Termino de leer el libro escrito desde prisión por Iván Simonovis y cuyo título tomé prestado para mi columna. Me lo encontré por accidente revisando una de las librerías de Caracas, casi tan despobladas como los anaqueles de los supermercados. Confieso que lo comencé a leer con reservas porque me esperaba un libro mucho más politizado y menos cargado de narrativas personales. Pero una vez pasada esa barrera, en realidad más un prejuicio mío que otra cosa, me atrapó precisamente el tono personal e íntimo de la descripción de su travesía del horror y ya no me pude despegar de un texto que todavía llevo adherido a mi conciencia de venezolano de estos duros tiempos.
El libro del comisario Simonovis es un testimonio aterrador sobre la ausencia de justicia en Venezuela. Dicho con más precisión, sobre la politización y el uso del Poder Judicial como instrumento para avanzar operaciones políticas dirigidas desde el gobierno.
En una sociedad funcional, la independencia de poderes es absolutamente esencial para el funcionamiento de la democracia y en particular el Poder Judicial actúa no solamente como una instancia de interpretación y aplicación de la ley, sino como una barrera para defender a los ciudadanos de los abusos de los otros poderes y para corregir las violaciones a la constitución y al ordenamiento jurídico.
El asunto de fondo no es, como pudiera parecer, si Simonovis es inocente o culpable de los crímenes de los cuales le acusó la Fiscalía. El problema medular es que en la evacuación de pruebas y durante todo el juicio se cometieron tantas irregularidades y abusos de poder que la acusación en si está vulnerada en todas sus instancias. La historia del Derecho es, en buena medida, la historia de la civilización humana porque el derecho regula nuestras relaciones y hace posible la convivencia. Es una grave violación al Derecho el juzgar a una persona violentando normas constitucionales e internacionales en la materia y atendiendo exclusivamente a lo que evidentemente era una decisión política de encontrar alguna víctima propiciatoria, un chivo expiatorio, por los sucesos violentos del 11 de abril de 2002. A ello hay que unirle el tratamiento prácticamente de héroes de la revolución que recibieron los pistoleros de Puente Llaguno y la lenidad con que los jueces y la fiscalía trataron a los oficialistas que participaron en la violencia de esos días.
La negativa del gobierno a nombrar una Comisión de la Verdad para investigar los funestos hechos de esa jornada es tremendamente significativa y nuevamente evidencia la parcialidad y la intolerable polarización que rige las acciones del chavismo. Yo me encontraba en esa marcha, mi hijo estaba ahí también, así como muchos de mis mejores amigos. A la altura de las torres del Centro Simón Bolívar comenzaron a llegar las primeras nuevas sobre los disparos contra la manifestación en la avenida Baralt. Ante esas nuevas comenzamos a dispersarnos sin tener la más remota idea acerca de la gravedad de los hechos que luego veríamos por televisión. Un capítulo fundamental en la historia contemporánea de Venezuela, signado por una movilización masiva y pacífica de la sociedad civil, fue oscurecido irremediablemente por las balas homicidas de quienes dispararon ese día y por acción cómplice de quienes planificaron la emboscada.
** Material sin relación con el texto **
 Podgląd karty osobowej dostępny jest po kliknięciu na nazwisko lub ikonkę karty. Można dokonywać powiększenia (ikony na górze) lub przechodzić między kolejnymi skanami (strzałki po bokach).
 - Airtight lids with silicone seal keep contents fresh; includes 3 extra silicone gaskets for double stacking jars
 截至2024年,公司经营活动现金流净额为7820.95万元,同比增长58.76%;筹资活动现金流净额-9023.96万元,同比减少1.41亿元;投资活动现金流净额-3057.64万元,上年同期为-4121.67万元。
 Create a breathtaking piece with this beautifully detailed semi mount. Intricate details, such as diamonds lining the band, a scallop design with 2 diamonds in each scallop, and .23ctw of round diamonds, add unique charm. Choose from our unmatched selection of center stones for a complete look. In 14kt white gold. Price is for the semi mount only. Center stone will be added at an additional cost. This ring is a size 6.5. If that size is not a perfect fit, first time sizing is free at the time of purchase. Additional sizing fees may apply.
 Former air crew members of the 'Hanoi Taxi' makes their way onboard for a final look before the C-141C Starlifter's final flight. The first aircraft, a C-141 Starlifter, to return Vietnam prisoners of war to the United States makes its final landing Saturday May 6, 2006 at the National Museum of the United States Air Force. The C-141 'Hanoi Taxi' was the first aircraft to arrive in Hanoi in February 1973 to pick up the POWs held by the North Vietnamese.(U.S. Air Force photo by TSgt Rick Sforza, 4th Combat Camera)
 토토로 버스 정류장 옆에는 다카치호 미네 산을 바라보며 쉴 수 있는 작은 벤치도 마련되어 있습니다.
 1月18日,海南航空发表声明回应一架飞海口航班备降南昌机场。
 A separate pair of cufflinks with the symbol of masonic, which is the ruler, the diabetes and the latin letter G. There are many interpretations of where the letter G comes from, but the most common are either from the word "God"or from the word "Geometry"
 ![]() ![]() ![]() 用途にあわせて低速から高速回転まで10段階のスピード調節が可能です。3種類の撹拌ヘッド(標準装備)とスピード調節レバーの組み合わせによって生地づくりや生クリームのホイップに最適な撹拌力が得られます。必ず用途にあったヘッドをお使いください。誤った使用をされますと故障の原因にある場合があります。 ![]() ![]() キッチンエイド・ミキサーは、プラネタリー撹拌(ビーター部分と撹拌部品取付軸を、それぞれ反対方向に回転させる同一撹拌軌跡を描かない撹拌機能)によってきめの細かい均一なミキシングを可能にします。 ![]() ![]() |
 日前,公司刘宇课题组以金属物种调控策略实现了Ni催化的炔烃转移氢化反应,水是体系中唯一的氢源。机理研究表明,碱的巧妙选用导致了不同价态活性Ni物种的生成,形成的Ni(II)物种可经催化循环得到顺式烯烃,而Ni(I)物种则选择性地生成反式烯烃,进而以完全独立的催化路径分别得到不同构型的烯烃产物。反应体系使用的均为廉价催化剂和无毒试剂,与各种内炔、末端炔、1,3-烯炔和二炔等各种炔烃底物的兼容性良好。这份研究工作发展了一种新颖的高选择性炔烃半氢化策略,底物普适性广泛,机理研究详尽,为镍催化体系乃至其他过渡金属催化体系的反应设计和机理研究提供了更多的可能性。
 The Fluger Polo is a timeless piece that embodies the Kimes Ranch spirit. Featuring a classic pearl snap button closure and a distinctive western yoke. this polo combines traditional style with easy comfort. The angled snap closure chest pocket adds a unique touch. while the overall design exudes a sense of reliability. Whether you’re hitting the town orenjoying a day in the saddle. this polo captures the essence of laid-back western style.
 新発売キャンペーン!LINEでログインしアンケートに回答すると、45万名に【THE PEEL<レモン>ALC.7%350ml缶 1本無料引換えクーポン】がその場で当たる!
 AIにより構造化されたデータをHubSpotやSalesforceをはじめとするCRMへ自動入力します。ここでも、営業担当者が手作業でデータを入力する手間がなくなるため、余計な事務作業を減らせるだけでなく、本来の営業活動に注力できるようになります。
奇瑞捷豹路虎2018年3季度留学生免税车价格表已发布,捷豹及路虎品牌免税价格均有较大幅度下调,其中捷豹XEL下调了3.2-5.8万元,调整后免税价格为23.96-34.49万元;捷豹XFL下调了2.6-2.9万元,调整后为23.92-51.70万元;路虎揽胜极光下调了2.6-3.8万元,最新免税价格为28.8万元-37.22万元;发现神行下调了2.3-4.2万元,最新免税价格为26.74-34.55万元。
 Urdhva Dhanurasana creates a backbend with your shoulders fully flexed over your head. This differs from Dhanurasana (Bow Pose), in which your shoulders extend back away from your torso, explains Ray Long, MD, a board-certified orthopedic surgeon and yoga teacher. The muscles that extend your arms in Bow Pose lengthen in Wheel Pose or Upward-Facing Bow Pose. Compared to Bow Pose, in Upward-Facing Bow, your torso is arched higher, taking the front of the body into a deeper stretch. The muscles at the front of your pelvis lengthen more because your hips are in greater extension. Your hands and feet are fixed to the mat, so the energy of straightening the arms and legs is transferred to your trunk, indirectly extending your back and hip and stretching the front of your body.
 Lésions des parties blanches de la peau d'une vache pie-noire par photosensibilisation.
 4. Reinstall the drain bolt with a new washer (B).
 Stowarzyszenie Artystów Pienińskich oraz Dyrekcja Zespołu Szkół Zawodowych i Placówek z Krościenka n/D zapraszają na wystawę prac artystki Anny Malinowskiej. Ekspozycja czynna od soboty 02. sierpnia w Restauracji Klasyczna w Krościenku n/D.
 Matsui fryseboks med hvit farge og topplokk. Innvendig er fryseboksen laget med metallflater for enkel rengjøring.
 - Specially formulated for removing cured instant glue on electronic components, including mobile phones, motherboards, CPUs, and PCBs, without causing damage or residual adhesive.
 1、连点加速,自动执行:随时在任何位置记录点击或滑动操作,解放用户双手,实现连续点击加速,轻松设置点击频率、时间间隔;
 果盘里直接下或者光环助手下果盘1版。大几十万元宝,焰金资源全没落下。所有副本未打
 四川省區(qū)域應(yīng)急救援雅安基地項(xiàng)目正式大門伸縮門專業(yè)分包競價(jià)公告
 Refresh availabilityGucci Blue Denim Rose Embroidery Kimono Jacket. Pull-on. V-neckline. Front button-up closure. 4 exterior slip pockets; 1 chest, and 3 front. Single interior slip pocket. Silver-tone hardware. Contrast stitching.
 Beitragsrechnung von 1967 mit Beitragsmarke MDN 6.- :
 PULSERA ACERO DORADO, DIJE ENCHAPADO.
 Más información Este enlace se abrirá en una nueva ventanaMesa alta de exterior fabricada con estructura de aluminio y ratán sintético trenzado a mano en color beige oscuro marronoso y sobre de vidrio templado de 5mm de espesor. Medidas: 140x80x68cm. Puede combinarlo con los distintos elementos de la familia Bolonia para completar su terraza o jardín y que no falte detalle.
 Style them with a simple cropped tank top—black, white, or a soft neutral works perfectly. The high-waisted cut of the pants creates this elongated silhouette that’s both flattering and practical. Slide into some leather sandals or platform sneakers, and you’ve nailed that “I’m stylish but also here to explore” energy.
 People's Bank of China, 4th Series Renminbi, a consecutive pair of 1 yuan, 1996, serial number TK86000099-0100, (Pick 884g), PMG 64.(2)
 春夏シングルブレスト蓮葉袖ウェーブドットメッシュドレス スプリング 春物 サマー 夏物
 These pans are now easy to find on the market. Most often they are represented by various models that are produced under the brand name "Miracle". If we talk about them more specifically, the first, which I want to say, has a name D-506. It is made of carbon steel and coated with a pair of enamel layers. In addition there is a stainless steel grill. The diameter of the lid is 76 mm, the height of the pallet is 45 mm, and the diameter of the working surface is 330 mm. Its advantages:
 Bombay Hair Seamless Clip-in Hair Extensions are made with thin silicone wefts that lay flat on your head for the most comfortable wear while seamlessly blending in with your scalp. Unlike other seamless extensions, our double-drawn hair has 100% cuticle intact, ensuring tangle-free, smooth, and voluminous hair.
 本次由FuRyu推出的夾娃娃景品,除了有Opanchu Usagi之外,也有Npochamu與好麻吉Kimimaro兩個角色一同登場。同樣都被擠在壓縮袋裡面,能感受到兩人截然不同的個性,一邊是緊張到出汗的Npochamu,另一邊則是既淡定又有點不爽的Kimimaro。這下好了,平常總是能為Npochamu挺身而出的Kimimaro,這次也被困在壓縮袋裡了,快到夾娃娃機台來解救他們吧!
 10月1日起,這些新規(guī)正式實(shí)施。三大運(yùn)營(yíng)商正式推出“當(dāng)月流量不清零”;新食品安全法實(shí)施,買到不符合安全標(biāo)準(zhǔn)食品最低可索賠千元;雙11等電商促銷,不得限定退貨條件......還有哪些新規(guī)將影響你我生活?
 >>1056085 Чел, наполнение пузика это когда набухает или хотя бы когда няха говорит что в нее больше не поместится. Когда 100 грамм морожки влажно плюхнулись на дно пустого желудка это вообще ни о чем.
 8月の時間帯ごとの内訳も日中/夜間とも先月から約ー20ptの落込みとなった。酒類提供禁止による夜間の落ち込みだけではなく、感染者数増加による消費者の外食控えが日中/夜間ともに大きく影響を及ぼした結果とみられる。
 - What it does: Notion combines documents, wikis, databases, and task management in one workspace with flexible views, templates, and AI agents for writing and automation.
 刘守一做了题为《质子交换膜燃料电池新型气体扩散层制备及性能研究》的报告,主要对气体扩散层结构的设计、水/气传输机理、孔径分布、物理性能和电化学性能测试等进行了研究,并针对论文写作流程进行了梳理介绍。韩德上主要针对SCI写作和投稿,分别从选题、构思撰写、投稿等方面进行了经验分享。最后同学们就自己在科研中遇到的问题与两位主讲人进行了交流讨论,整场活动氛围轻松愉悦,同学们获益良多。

Algún día se sabrá la verdad tanto sobre los confusos hechos políticos de la jornada, que culminaron con el gobierno brevísimo de Carmona y el retorno de Chávez, como sobre la responsabilidad por los numerosos muertos y heridos.
En ausencia de esa investigación esclarecedora, uno tiene todo tipo de motivos para sospechar de las motivaciones de los magistrados y del gobierno que gira órdenes al Poder Judicial. En ausencia de la verdad sobre el 11-A, el juicio y la condena a 30 años de cárcel de Simonovis constituyen una afrenta a nuestros principios cívicos como nación y a nuestra conciencia como ciudadanos.
La pretensión del gobierno de involucrar a los familiares de las víctimas del 11-A y de contraponer su dolor y su interés en que se castigue a los culpables con el derecho que le asiste a Simonovis para que se le otorgue una medida humanitaria por su grave estado de salud no es más que un paso más en la escalada de manipulación política que ha asediado a este caso desde sus orígenes.
Mientras tanto, un hombre a quien no se le ha demostrado en ningún contexto medianamente convincente su culpabilidad padece junto con su familia el calvario de una condena política.
Como con muchas otras cosas que ocurren en estos tiempos, donde el poder se ensaña sobre unos pocos para infundir miedo, la responsabilidad de defendernos es colectiva.
La injusticia contra Simonovis nos debería tocar a todos.
Mañana le puede tocar a cualquier otro.